When a mom drives her minivan by an empty park in a raging thunderstorm and sits there for an hour screaming in tears, people might think she’s nuts. I know that’s what I thought of myself.

You’ve completely lost it. You’re out of control. Crazy.

At that moment, I was in the kind of deep crazy that takes you to your knees, praying to whomever will listen, with a mixture of snot and salvia dripping down your face. It’s not pretty and far from perfect. But today, I now know that this is the good kind of crazy. This is when the gate opens.

What gate? You know, that dusty gate that we ignore, so we can continue to walk around with our green smoothies, go to the gym, stay busy, and look as if everything’s fine—we’re fine.
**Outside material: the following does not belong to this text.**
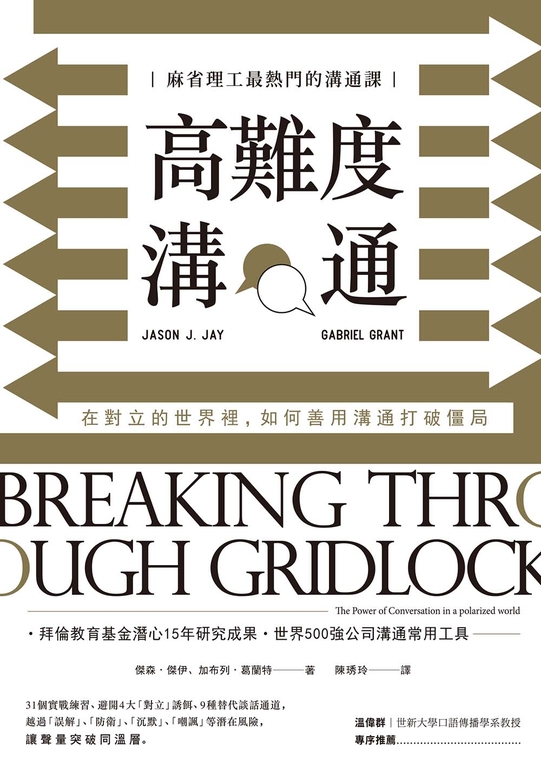 內容簡介 ~麻省理工最重要的溝通課~拜倫教育基金潛心15年研究成果, 如何越過「遭人誤解」、「防衛」、「沉默」、「對立」等潛在風險, 以有效溝通打破對立僵局? 還記得上次你跟意見相左的人,討論重要話題時的情況嗎? 你們談得怎麼樣? 這類對話非常重要,卻往往會陷入僵局。 當和陌生人談到「永續發展」、「社會正義」和「公共衛生」, 我們內心響起警鈴——有些話題太具爭議性,不適合談論。 為了避開唇槍舌劍,我們選擇閉口不言,轉身和同溫層裡的人們提出倡議。 事實是,如果我們只靠跟主張社會正義者溝通,並不能解決貧困問題和人權問題。 只靠召集熱心的環保主義者,也無法解決全球氣候變遷、棲息地破壞和水汙染等問題。 但當我們鼓起勇氣,試圖傳遞觀念,卻發現——我們怎麼講不下去了? ▇▇▇▇▇▇▇▇▇▇▇▇讓對話陷入僵局的,正是我們自己▇▇▇▇▇▇▇▇▇▇▇▇▇ 當跟他人對話時,我們也帶了內在偏見這潛在包袱。 【自以為正確】、【自以為正義化身】、【自以為確定無疑】、【自以為安全】 是溝通障礙的四大誘餌,我們往往下意識認為: .我比你更有美德(因為我用環保吸管、上下班騎自行車) .我比你看得更遠(我懂得運用理性,從科學的角度看待問題) .我比你了解狀況(我讀過很多相關書籍,還有一些哲學) .我不想聽你說下去(你聽不懂我在表達什麼,而且扭曲事實) 最後——我們非但無法改變他人的想法,還製造了對立。 ▇▇▇▇▇▇▇▇▇▇31則練習越過潛在風險,轉變溝通路徑▇▇▇▇▇▇▇▇▇▇▇▇ 作者傑森‧傑伊、加布列‧葛蘭特邀請我們帶著「認真玩」的精神, 在從反思到行動的同時,還能一邊笑看自己。 當你陷入【挫折】、【暴躁】、【自大】、【冷淡】、【咄咄逼人】等潛在狀態, 談話很容易會不歡而散。 拜倫教育基金潛心研究15年,運用31則啟發人心的練習,轉變溝通路徑。 這套系統為世界500強公司, 包含資誠(Pw)、星巴克(Starbucks)、全食超市(Whole Foods) 用以提升管理者溝通技巧、精進組織效率: .找出我們沒有說出口的內在對話 .注意你在分享的「動機」 .找出你所屬社運組織的核心衝突 .了解彼此的價值觀,超越單維度的對話 .想出不必在不同價值觀或不同目標之間做取捨的方法 最後你會漸漸具備一種能力—— 能跟任何人討論你最重視的問題,並達到預期成效。 我們可能永遠也不知道,我們的對話會引導我們到何種境界。 肯定的是,當你練習你在這本書裡學到的技能時, 你會得到勇氣和能力,在愈來愈大的舞台上打破僵局與對立。 為自己或你所屬社運組織開闢前進的通道, ——我們開始行動吧! 本書特色 ◎麻省理工最熱門的溝通課!拜倫教育基金潛心15年研究成果!世界500強公司、資誠(Pw)、星巴克(Starbucks)、全食超市(Whole Foods)NGO的溝通領域工具。 ◎31個實戰練習、避開4大「對立」誘餌、9種替代談話通道,打破溝通僵局! ◎探究個人或組織的核心衝突,以及「在什麼地方落入集體陷阱」,讓聲量突破同溫層,創造集體前進的通道。 各界推薦 ◎這是一本寫給變革推動者的實務操作手冊,告訴我們如何弭平差異,創造有效溝通,成就實際行動。──亞當‧格蘭特,《紐約時報》暢銷書《反叛,改變世界的力量》及《給予》作者 ◎這本書不是寫給膽小鬼看的。不過,如果你真的想改變世界,就一定要好好看看這本書。這本書向身為倡議人士、公民或人類一份子的我們提出挑戰,要我們認識自己的動機和假設,藉此與我們反對和躲避的人們達成共識。這本書也要求我們丟掉自以為確定無疑和自以為是的感覺,好讓我們能不同的新方法達成目標。而且,這本書還提供我們達成目標的方法與祕訣。──葛溫‧魯塔(Gwen Ruta),美國環境保護基金會氣候與能源部資深副總裁 ◎我們國家的未來取決於我們與不同意見者進行溝通的能力,傑伊和葛蘭特指引我們,開啟對我們的民主制度至關重要的對話。──范‧瓊斯(Van Jones),夢想企業(The Dream Corps)共同創辦人暨總裁,CNN政治評論員兼主持人暨作家 ◎我們需要從相互對抗的角度都能利用的創造力,來創造成長的組織和繁榮的社會。這本書就為我們提供這種工具。──約翰‧麥基(John Mackey),全食超市(Whole Foods Market)執行長 ◎傑森‧傑伊和加布列‧葛蘭特認為,讓我們的許多公開互動或私人互動飽受折磨的對話僵局,唯有靠「真誠」這項關鍵才得能破除。作者強調我們落入的陷阱,以及擺脫陷阱的有效方法。雖然做起來不容易,但你可以使用作者提供的練習,避免我們在不自知的情況下造成對立。──勞倫斯‧蘇斯金(Lawrence Susskind),共識建立協會(Consensus Building Institute)創始人,麻省理工學院都市與環境規劃教授,哈佛大學法學院協商計畫研究院副主持人 ◎無論你想改變的是你的企業、你的社區、或是你自己,傑伊和葛蘭特合寫的這本簡明實務指南,都能讓你會心一笑,並激勵你開始行動。──克莉斯汀‧巴德(Christine Bader),《企業理想主義者的進化》(The Evolution of a Corporate Idealist)作者 ◎謹以本書獻給我們的小孩,維克拉姆、烏瑪、艾瑞亞娜和瑪德琳:與人鬥,引戰事;與己鬥,得和平。──哈茲拉特‧伊那業特‧可汗(Hazart Inayat Khan,蘇菲教派創始人) 推薦專序 ◎從社群媒體裏與日常接觸中,我們了解不論人類科技如何發達、生活水平如何提升,溝通類型可能轉變,但是難度卻不

But are we really? This is the gate that helps you drop all the veils of perfection and helps you start a new—raw and real—conversation.

I arrived at the gate, as most of us do, makeup-free, hair matted to cheeks, after a big wild cry, in what felt like ear-plugged silence. Silence provides one of the keys to the gate, because, with it, comes clarity. No one arrives at the gate singing. The singing comes later when you realize you made it through the gate. In the silence of the minivan or wherever you happen to be, you’re given the courage to get out of the past, and commit to an intention that aligns more deeply to you.
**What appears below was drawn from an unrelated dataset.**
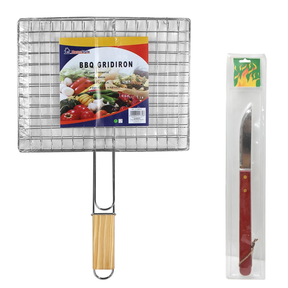 Barbecue cooking set, which contains a barbecue grill, with dimensions of 36.5x28x56.5 cm, equipped with a wooden handle, as well as a knife.
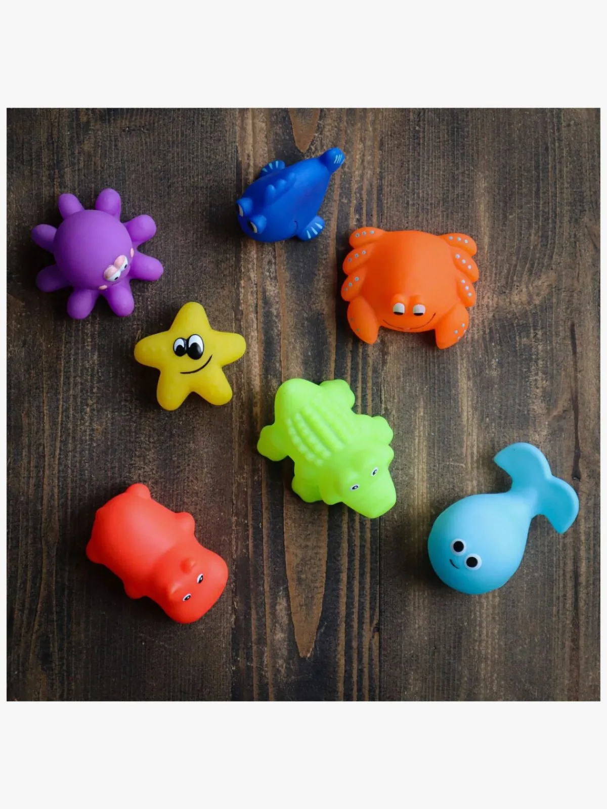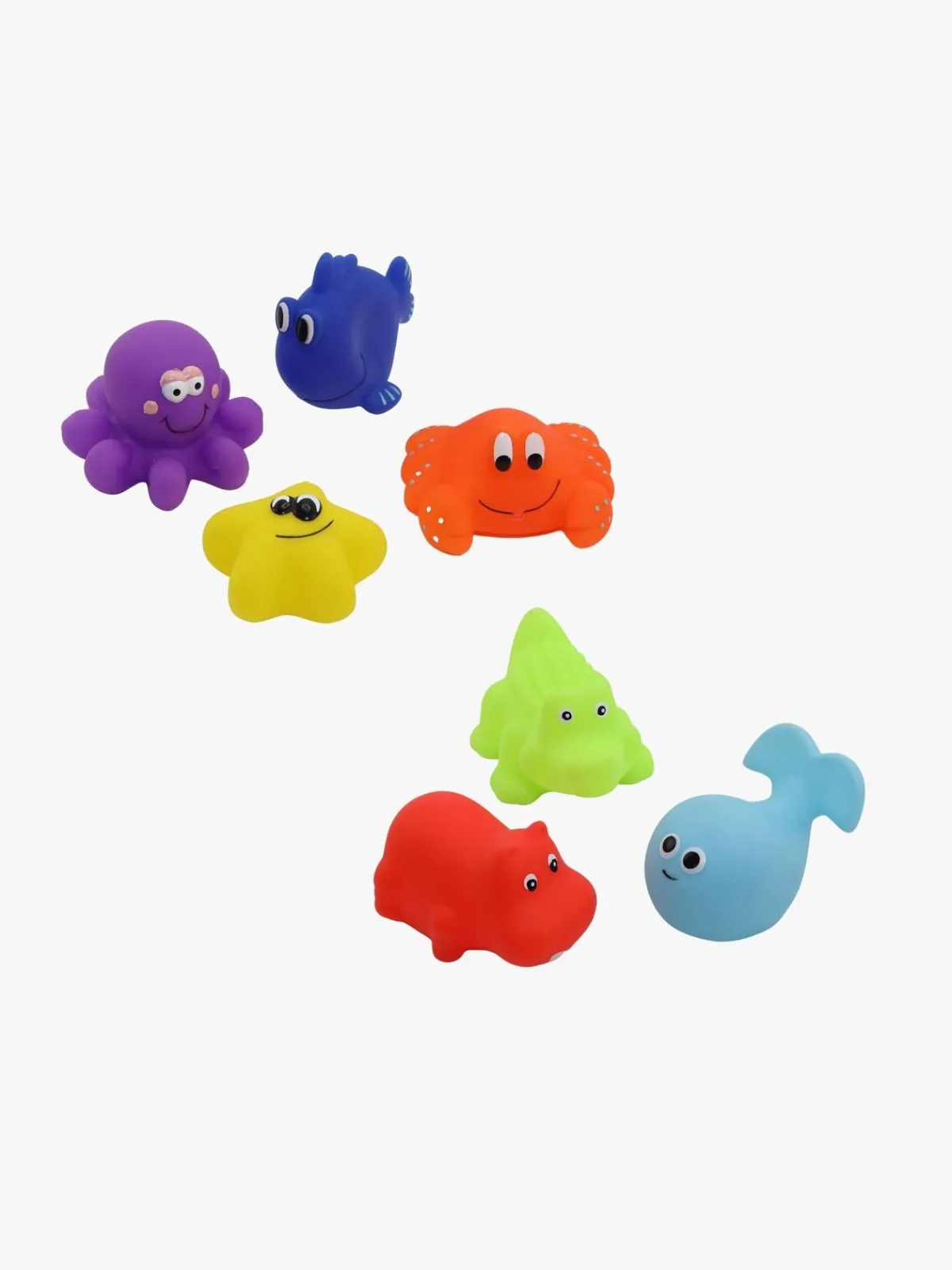 – Indeholder: 1 fisk, 1 hval, 1 blæksprutte, 1 søstjerne, 1 krabbe, 1 krokodille, 1 flodhest.

I am healthy. I am enough. I am a good mother.

These are the mantras I began repeating the moment I went through the gate. And that’s when I heard a whisper reminding me of how much I needed to rest, that rest was healing, and how without it, I feel crazy, and probably am crazy. The bad kind of unconscious crazy.

The bad kind of crazy is what women from the mid-nineteeth century until the late 1910s were feeling when tens of thousands of women became depressed and sick (1). The industrial revolution wasn’t a rosy time for women, many of whom were not welcomed in a man’s world and, especially creative women, were bored and isolated at home (1). This cocktail of holding back one’s desires and boredom was enough to drive huge numbers of women crazy.

The list of creative and activist women going crazy ran deep. At 25, writer and feminist Charlotte Perkins Gilman became paralyzed for no apparent reason. Jane Adams, the famous social reformer, fell into a depression at age 21, and also became paralyzed for seven years (1).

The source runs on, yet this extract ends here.